CULPA

PREFÁCIO

Bibiana Leme

Este livro é um expurgo. Sintoma de doença malcurada, herdada, cujo remédio nunca acertamos.

Caco Israque (se lê assim) faz aqui um mea machina culpa. Vivemos, afinal, no tempo dos robôs e dos sistemas. Clicamos em “aceitar” e seguimos em frente, sem nunca ler os termos desta nova sociedade. De(s)controle. Mas as pessoas, por serem mais baratas, ainda fazem o trabalho sujo.

Em nome da facilidade, vemos a realidade se distorcer cada vez mais, todos os dias. Testemunhamos a desigualdade, a injustiça, a sacanagem. E ou sentimos muita culpa ou não sentimos nenhuma. Não conseguimos jamais estabelecer uma relação razoável com a culpa. A justa medida.

Agora, porém, que o céu caiu na nossa cabeça, não adianta negar que estamos vendo, porque ele tem peso. Votamos no professor. Ou ao menos não votamos no torturador. Muito bem. Fizemos o mínimo. Mas quantas vezes fazemos algo pelo simples fato de que é justo? O que você faz quando ninguém está vendo? Que culpas carregamos escondidas?

Não há final feliz garantido para nós. Não há deus ex-machina. Há sujeitos. E sujeitas. Mesmo por trás das máquinas. Nossa máxima culpa, a que nos cabe neste latifúndio improdutivo.

Não conseguimos entender que uma sociedade doente é um indivíduo doente é uma sociedade doente… A tampa da privada de um banheiro público será deixada igualmente suja, para que “alguém” a limpe, esteja ela num shopping center rico ou num shopping center pobre.

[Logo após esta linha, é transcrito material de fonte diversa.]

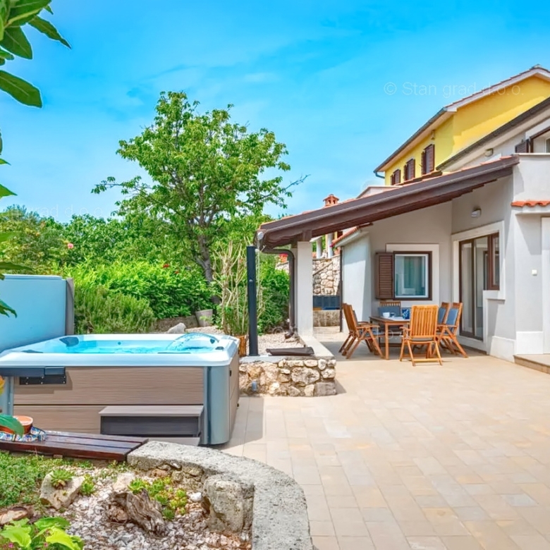 Our agency offers a fully furnished stone house for sale in the super attractive northern Adriatic area of the island of Krk, in Kvarner, which provides the perfect atmosphere for spending holidays or living. This interesting property is in a good location in the vicinity of Dobrinj. Structurally, this is a semi-detached house. The impeccably constructed property consists of a total of 2 floors. The structure of the space provides for the residence of one family. The charming house occupies a total area of 169 m2. The mentioned area contains a living room and kitchen with dining room, 2 bedrooms, bathroom, social room and terrace. Attached to the described house is a well-organized garden of 400 m2, ideal for relaxing and spending free time. The property includes 4 parking spaces and a furnished storage room of 20 m2, which are located across the road. The spacious garden of the described property is arranged for comfortable parking of several vehicles. In addition to the above, it should be noted that the house has a beautiful view of this coastal town. This property is owned by a natural person and upon its transfer, the buyer of the house is obliged to pay a 3% real estate transfer tax. The owner of the property guarantees the orderliness of the relevant ownership documents and the possibility of a quick transfer of ownership of the house to the buyer. Our staff will make sure that you feel at home in Kvarner. Visit us on the island of Krk. If you decide to choose us, the expert team of the Stan Grad Immobilien brokerage office will be happy to help you transfer ownership of the property and the utility bills to your name.

É justo que uma criança que ama seu pai, e que tenha um pai amoroso, não precise derrubar o muro da calúnia para conseguir enxergá-lo. É justo que as fronteiras sejam mais gentis com as pessoas que com as mercadorias. Que a força desigual não seja jamais usada por quem sabe a dor que ela provoca. É justo viver sem muros. É justo, sempre foi justo. O micro e o macroespaço são reverberações. Juntos habitamos um planeta, mas não conseguimos coabitá-lo. Uma tia gagá desgarrada, uma criança de rua babada e encantada, um poodle sem dentes que achou por bem desertar, vingadores periféricos da memória de uma jovem vítima de feminicídio, toda uma sociedade das margens. Marginal é o que nos cerca. E, no centro deste livro, curiosamente, habita um enfant terrible. A criança que tem tudo nas mãos e não quer. Mas não quer com tamanha força que precisa destruir tudo que tem. Tudo que existe.

As palavras de Ishak são capazes do asco e da frase mais saltitante. Psicógrafo de uma vida que oscila a cada segundo entre a luz e a sombra. Quem bate à porta traz a janta ou a morte? A resposta está em nossas mãos, como contou Toni Morrison em seu discurso do Nobel: algumas crianças vão a uma anciã cega para pregar-lhe uma peça e perguntam se o pássaro que têm nas mãos está vivo ou morto. Eu não sei, mas está em suas mãos, diz a mulher. A resposta entre a vida e a morte passa pelas nossas mãos todos os dias, em maior ou menor escala.

Coabitar é risco. Escrever é risco. Coabitar o espaço mental com o outro. A outra.

Aqui jazem os cacos de Ricardo Ishak.